Records shown →
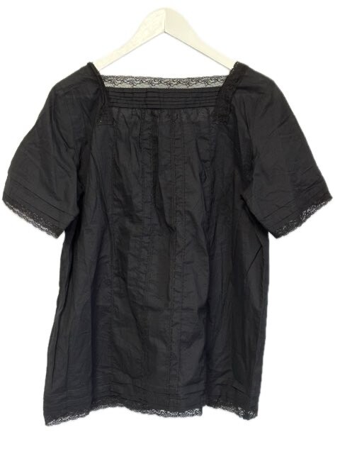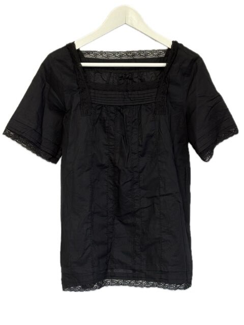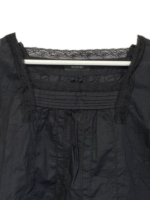 インゲボルグ INGEBORG ブラウス 11 レース 切替 スクエアネック コットン ブラック 黒 半袖 トップス レディース
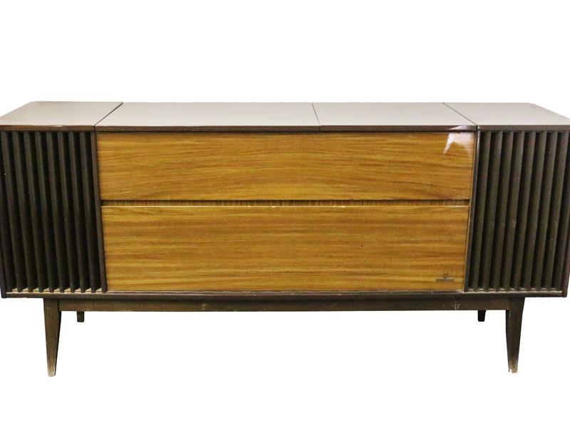 ALMAN. DUAL 1016 PİKAP, RADYO. GRUNDİG TM 245 DELUXE MAKARALI TEYP. ÖNE AÇILIR KAPAKLI VE PLAK HAZNELİ. ÜSTTEN AÇILIR 2 KAPAKLI. 174X46X82 CM.
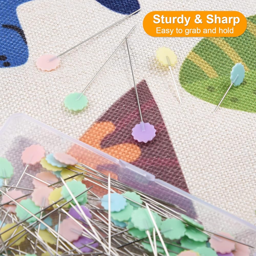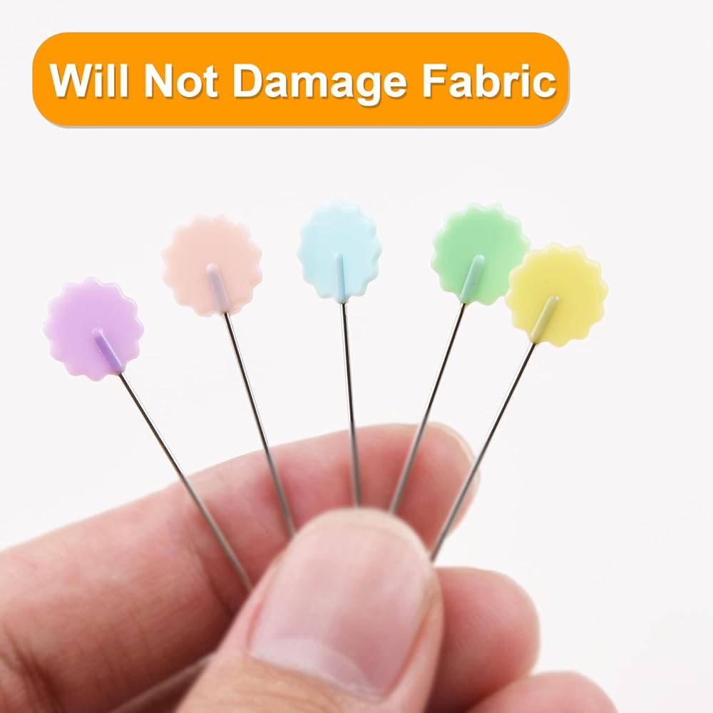 ✅【Thin Flat Head Pins】These sewing pins are thin and delicate, making it easy to stitch precisely without leaving large holes in the fabric. Not to damage fabric.
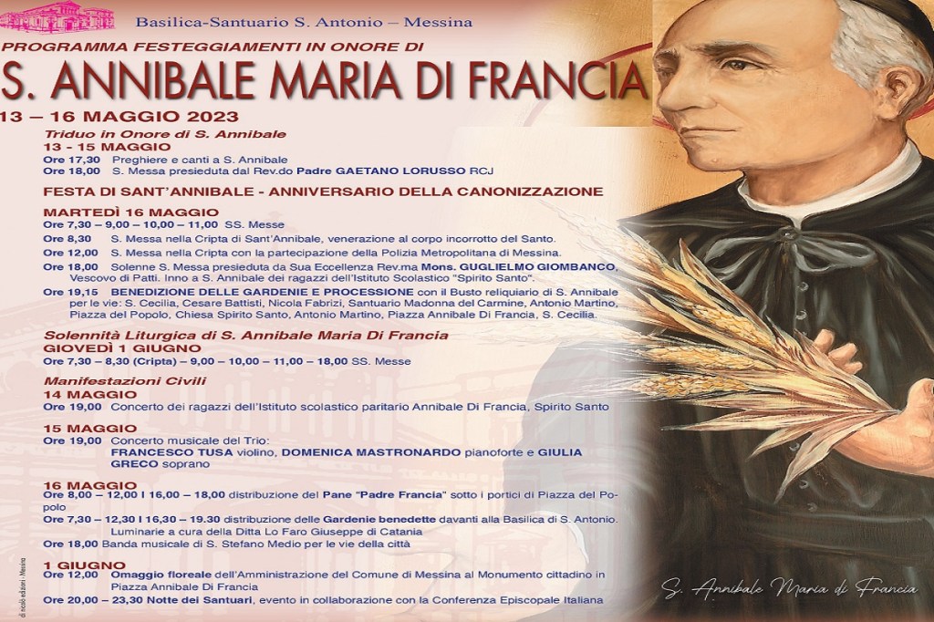 La Comunità della Basilica di S. Antonio, in occasione dei solenni festeggiamenti del Padre Fondatore S. Annibale Maria Di Francia, inviterà la comunità messinese a rendere lode al Signore per il dono della Santità concessa a Padre Annibale e a pregare perché infonda pace e serenità nelle nostre famiglie e nel mondo, ed in particolare all’Ucraina e al Sudan.
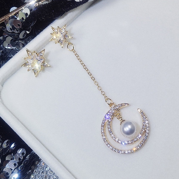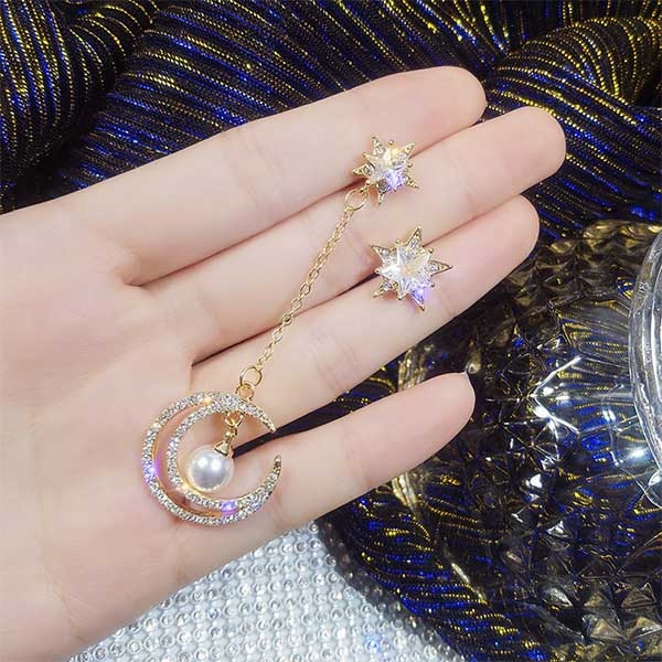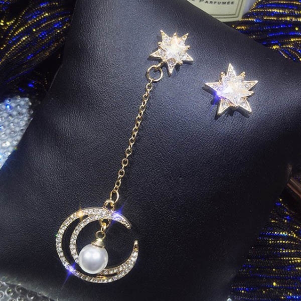 Fashion Rhinestone Inlaid Crescent Asymmetric Star Earrings

Exercise requirements → Please reproduce the entries from above exactly; images are not part of the copy.

Result for this task →
 インゲボルグ INGEBORG ブラウス 11 レース 切替 スクエアネック コットン ブラック 黒 半袖 トップス レディース
 ALMAN. DUAL 1016 PİKAP, RADYO. GRUNDİG TM 245 DELUXE MAKARALI TEYP. ÖNE AÇILIR KAPAKLI VE PLAK HAZNELİ. ÜSTTEN AÇILIR 2 KAPAKLI. 174X46X82 CM.
 ✅【Thin Flat Head Pins】These sewing pins are thin and delicate, making it easy to stitch precisely without leaving large holes in the fabric. Not to damage fabric.
 La Comunità della Basilica di S. Antonio, in occasione dei solenni festeggiamenti del Padre Fondatore S. Annibale Maria Di Francia, inviterà la comunità messinese a rendere lode al Signore per il dono della Santità concessa a Padre Annibale e a pregare perché infonda pace e serenità nelle nostre famiglie e nel mondo, ed in particolare all’Ucraina e al Sudan.
 Fashion Rhinestone Inlaid Crescent Asymmetric Star Earrings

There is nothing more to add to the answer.